(Items from a data source)
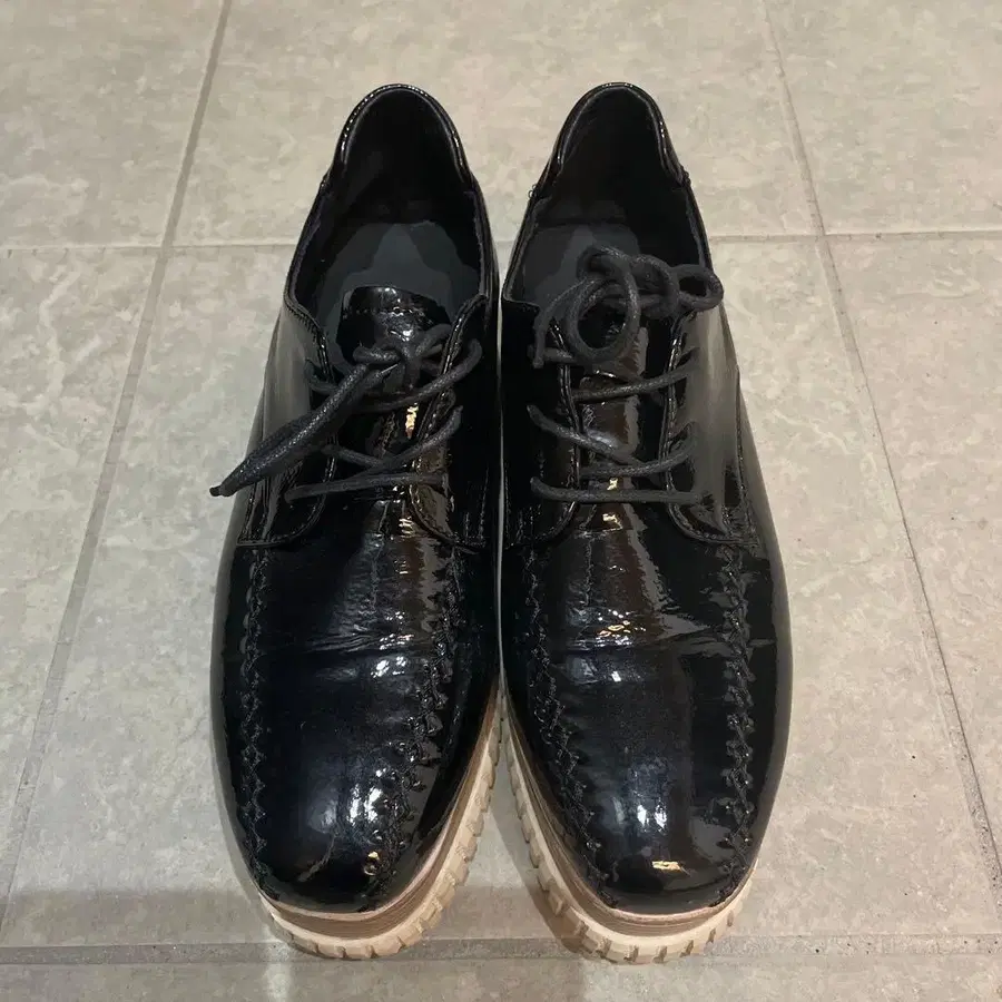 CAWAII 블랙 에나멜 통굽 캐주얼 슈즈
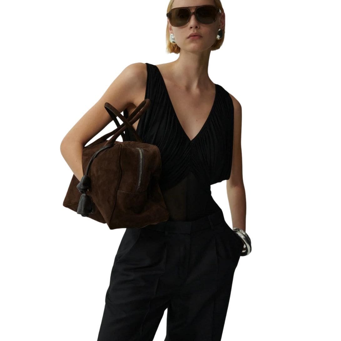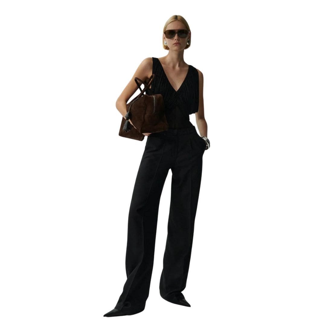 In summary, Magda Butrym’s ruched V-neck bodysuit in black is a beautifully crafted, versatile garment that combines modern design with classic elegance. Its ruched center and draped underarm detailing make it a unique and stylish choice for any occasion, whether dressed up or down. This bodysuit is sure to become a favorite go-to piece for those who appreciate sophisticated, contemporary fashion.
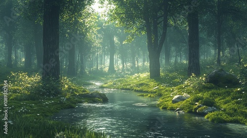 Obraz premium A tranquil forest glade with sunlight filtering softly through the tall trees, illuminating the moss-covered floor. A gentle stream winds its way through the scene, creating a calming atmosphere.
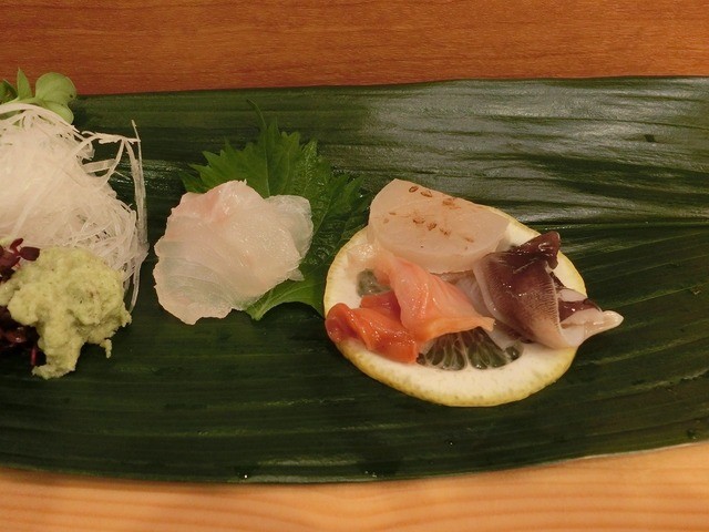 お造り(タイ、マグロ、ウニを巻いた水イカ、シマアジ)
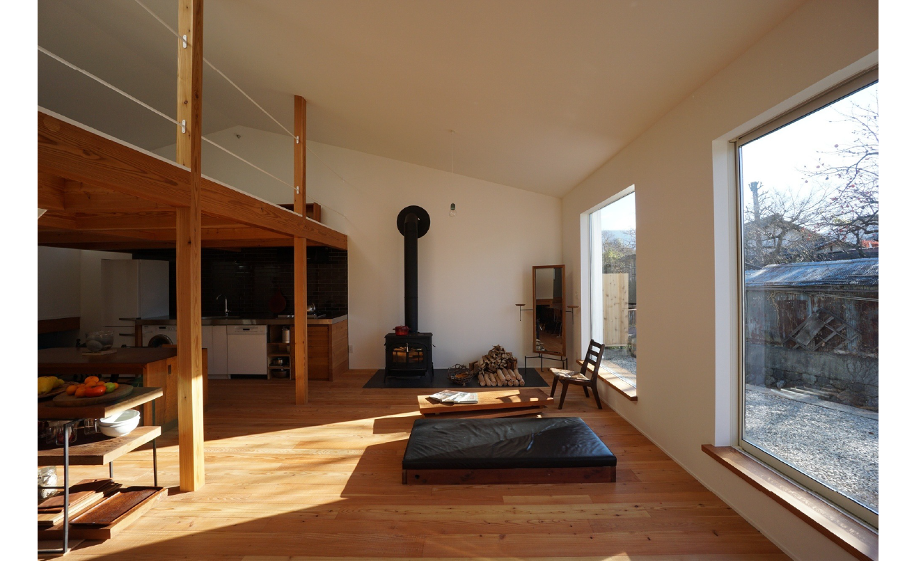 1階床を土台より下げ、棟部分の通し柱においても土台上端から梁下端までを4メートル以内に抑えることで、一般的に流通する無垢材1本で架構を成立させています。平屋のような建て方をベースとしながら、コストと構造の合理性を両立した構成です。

* Problem to solve
Please print exactly the lines from the one holding "In summary, Magda" through the final line of the data above, including both, and skip all pictures.

* Result below
 In summary, Magda Butrym’s ruched V-neck bodysuit in black is a beautifully crafted, versatile garment that combines modern design with classic elegance. Its ruched center and draped underarm detailing make it a unique and stylish choice for any occasion, whether dressed up or down. This bodysuit is sure to become a favorite go-to piece for those who appreciate sophisticated, contemporary fashion.
 Obraz premium A tranquil forest glade with sunlight filtering softly through the tall trees, illuminating the moss-covered floor. A gentle stream winds its way through the scene, creating a calming atmosphere.
 お造り(タイ、マグロ、ウニを巻いた水イカ、シマアジ)
 1階床を土台より下げ、棟部分の通し柱においても土台上端から梁下端までを4メートル以内に抑えることで、一般的に流通する無垢材1本で架構を成立させています。平屋のような建て方をベースとしながら、コストと構造の合理性を両立した構成です。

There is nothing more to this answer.